Shifting gears in the discussion between the United States and Iran over Tehran’s nuclear program, Secretary of State John Kerry and Iran’s Foreign Minister Mohammad Javad Zarif held talks on Thursday, on the sidelines of a United Nations summit in New York.

The meeting, which is reported to be the highest-level diplomatic interaction between the two nations since 1980, happened on the sidelines of Iranian President Hassan Rouhani's visit to New York for the annual meeting of the U.N. General Assembly. Rouhani has generated considerable buzz with his conciliatory stance accompanied by calls to make amends with the U.S. and its Western allies -- an approach that is in stark contrast to the antagonistic foreign policy stance of his predecessor Mahmoud Ahmadinejad.

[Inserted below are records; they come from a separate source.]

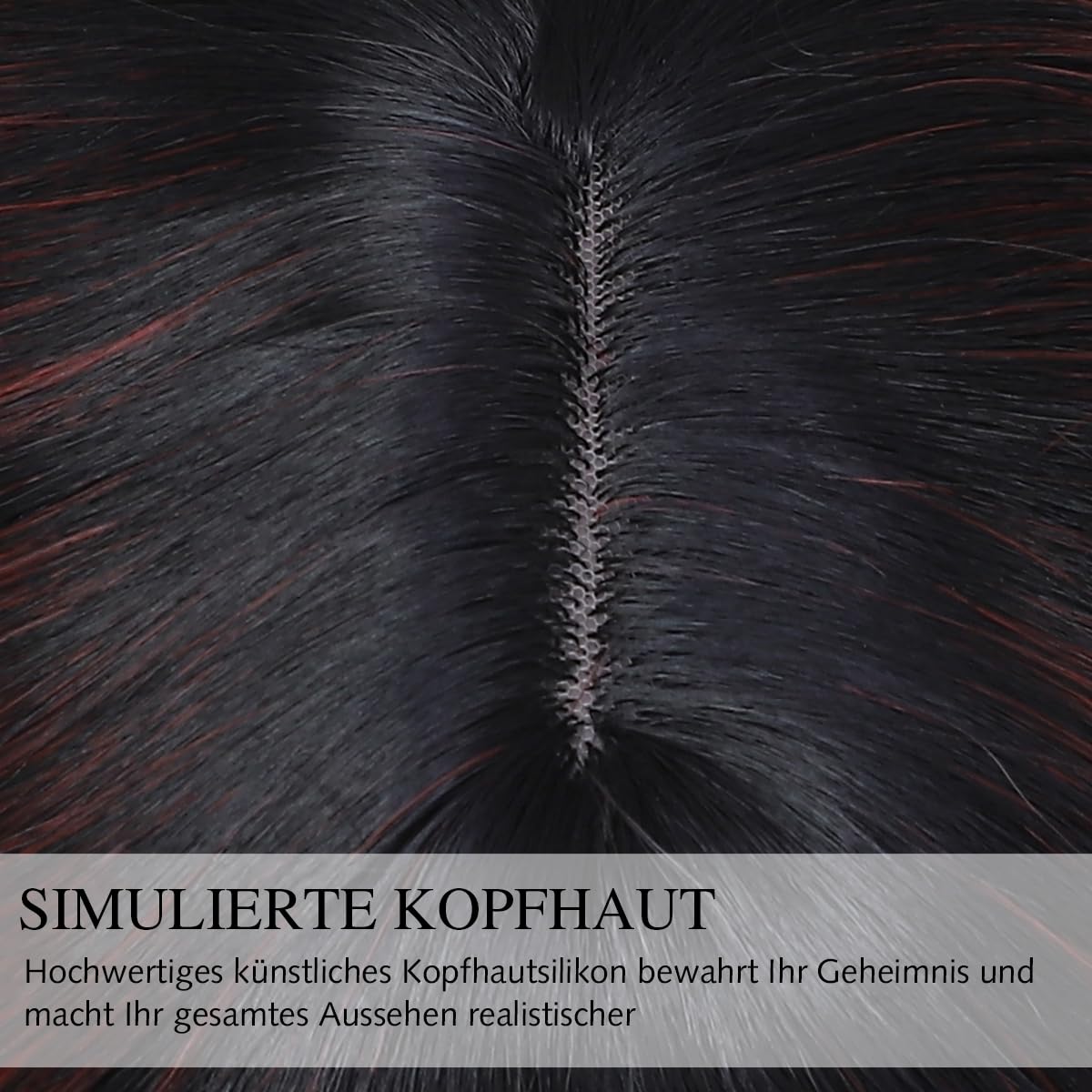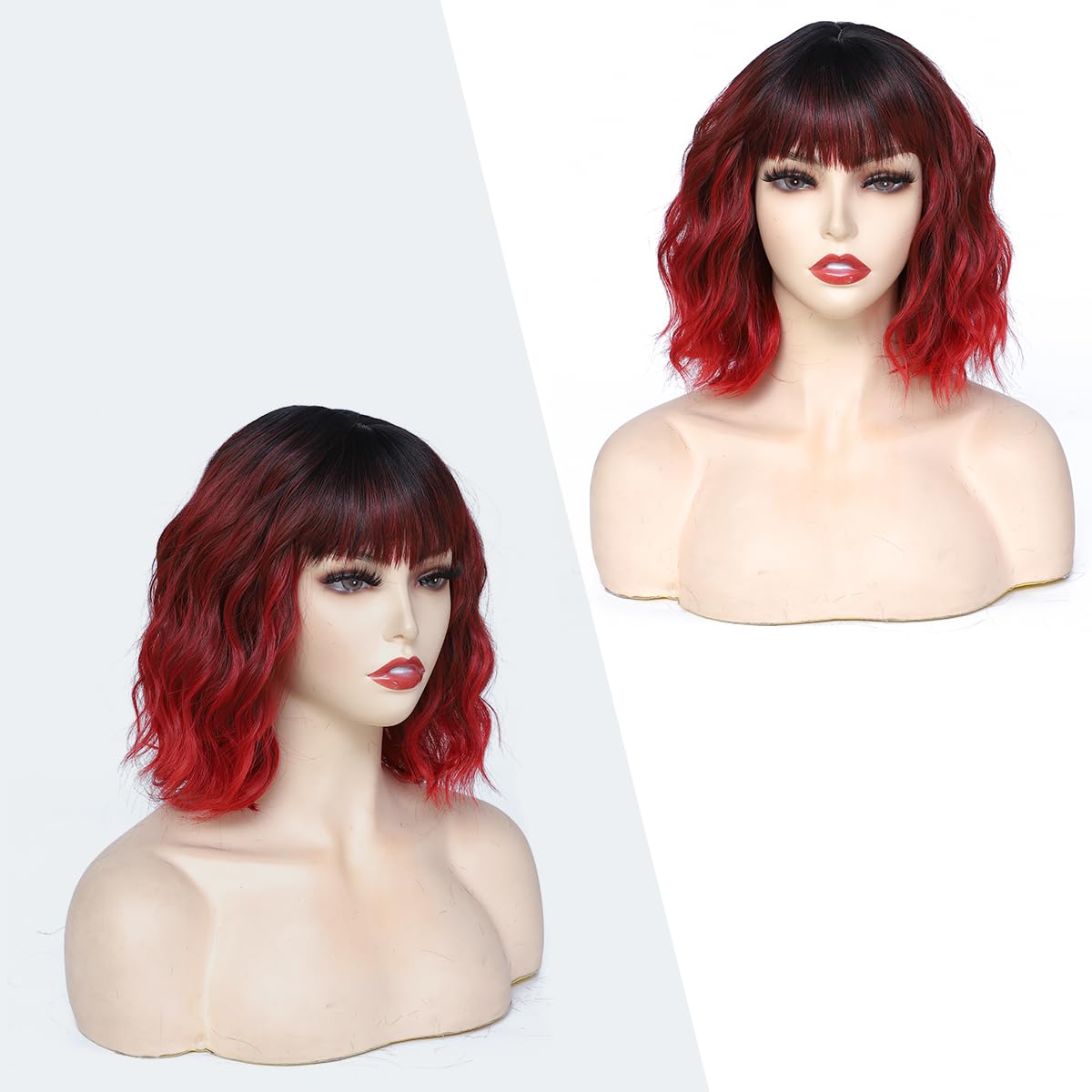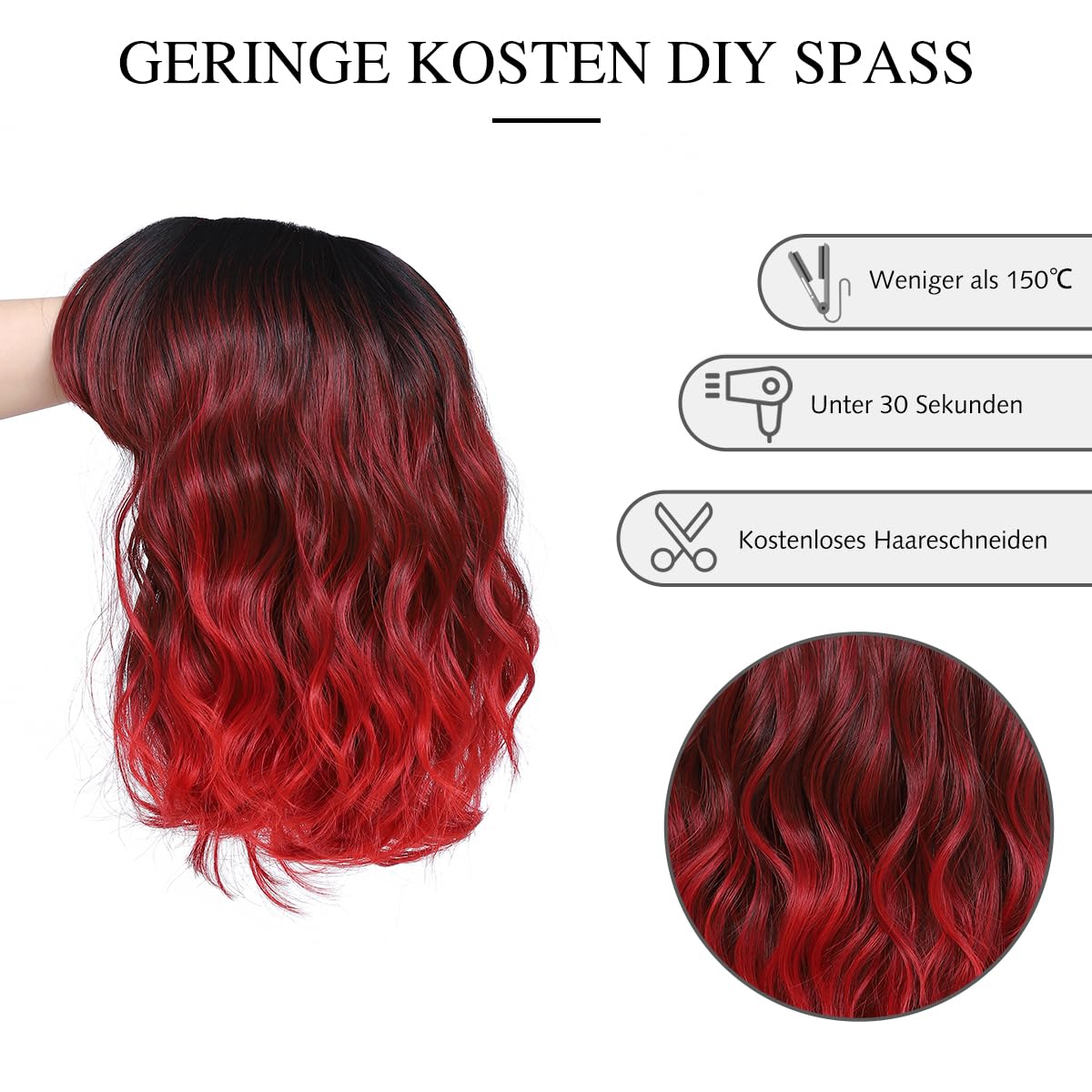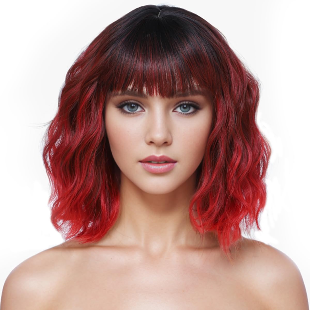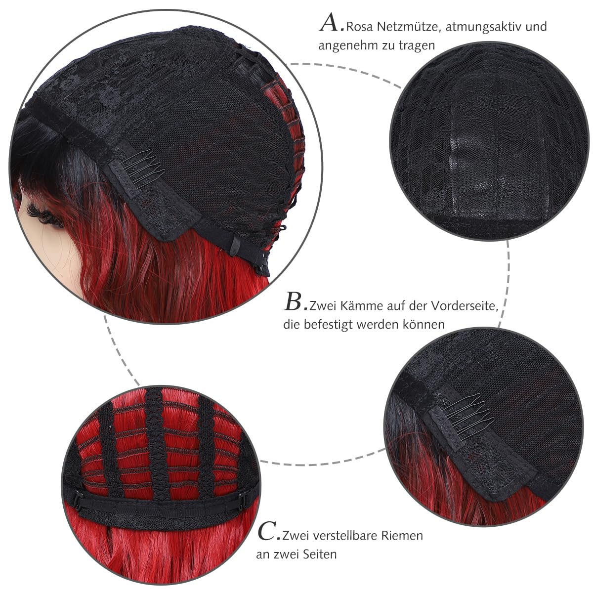 Peruca scurta, bob, cu breton, par sintetic, ondulata, pentru femei, negru si rosu, 30 cm
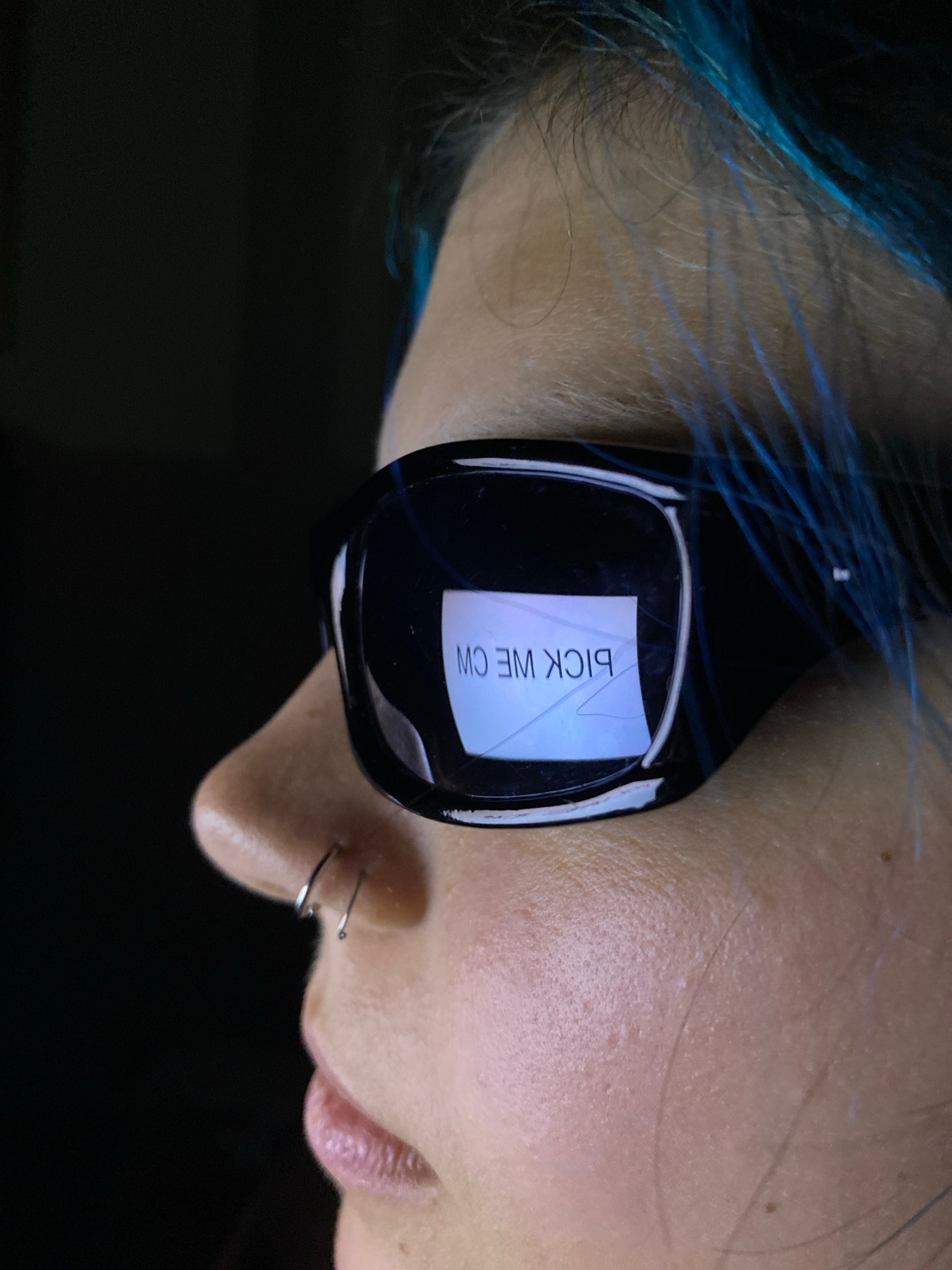 A close-up image shows a person wearing a black fitness tracker on their wrist. The screen of the tracker displays the text "BICK WE CW" (likely meant to say "Quick Workout" or similar), which is mirr…read more
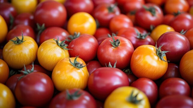 A vibrant arrangement of various tomato types, including Roma and grape tomatoes, on a soft beige background to accentuate their colors.
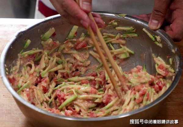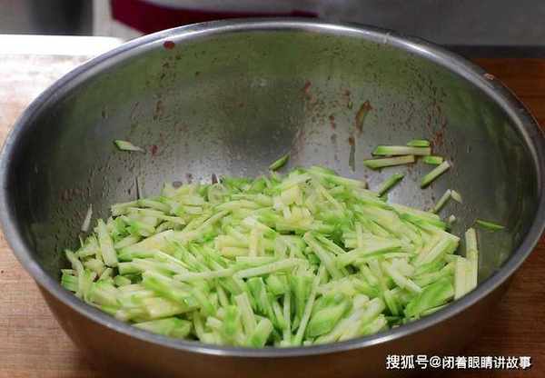 2准备西葫芦一个,洗干净以后切掉两头,先切成薄片再切成细丝,和番茄放在一起,加入食盐2克,多搅拌一会儿杀出西葫芦中的水分,以免烙制的时候出水。
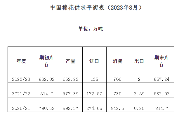 7月,全國大部棉花處于開花期,整體長勢好于預(yù)期。國內(nèi)棉價維持偏強走勢,24日中國棉花價格指數(shù)上漲至18070元/噸,創(chuàng)本年度以來新高。之后,滑準稅配額和儲備棉銷售政策先后公布,疊加需求端偏弱,月末棉價出現(xiàn)回調(diào)。同期,國際棉價也明顯上漲,但是因經(jīng)濟衰退預(yù)期較強,漲幅不及國內(nèi)。紡織品市場仍處傳統(tǒng)淡季,棉花價格上漲向后道傳導(dǎo)不暢,紗線銷售依然冷清,成品庫存持續(xù)增加。中國棉花協(xié)會統(tǒng)計,2022年度全國棉花產(chǎn)量為662.2萬噸,同比增長14.7%;預(yù)測棉花消費量為760萬噸;進口量根據(jù)海關(guān)總署數(shù)據(jù)由160萬噸下調(diào)至135萬噸,同比下降22%;出口量下調(diào)至2萬噸;期末庫存相應(yīng)下調(diào)為867.2萬噸,同比增長4.2%。

A high-level meeting that ended a breakdown in negotiations was scheduled on Thursday between Iran and P5+1 nations, including U.S., UK, France, Russia, China and Germany, but Kerry, who was seated next to Zarif, reportedly invited the Iranian minister for an informal private chat after the scheduled meet, news reports said.

“We had a constructive meeting, and I think all of us were pleased that Foreign Minister Zarif came and made a presentation to us, which was very different in tone and very different in the vision that he held out with respect to possibilities of the future,” Kerry was quoted as saying by NBC News after the talks, which were held without Kerry’s or Zarif’s aides.

“Needless to say, one meeting and a change in tone, which was welcome … there is a lot of work to be done,” Kerry said.

The meeting is the first one involving high-profile leaders since both nations severed all diplomatic relations after the Islamic Revolution of 1979, which saw the rise of Ayatollah Ruhollah Khomeini, and the ouster of pro-Western leader Shah Mohammad Reza Pahlavi.

Zarif said the talks were “substantive,” adding: “I’m satisfied with this first step, now we have to see whether we can match our positive words with serious deeds.”

Talks to strike a nuclear deal will resume on Oct. 15 in Geneva, Reuters reported, after Rouhani called for a deal within three to six months, saying Iran was prepared to accommodate extensive transparency measures to gain the trust of Western nations.

Rouhani also called for a global eradication of nuclear weapons in his address to the General Assembly, saying any use of nuclear weapons anywhere in the world is a “crime against humanity.”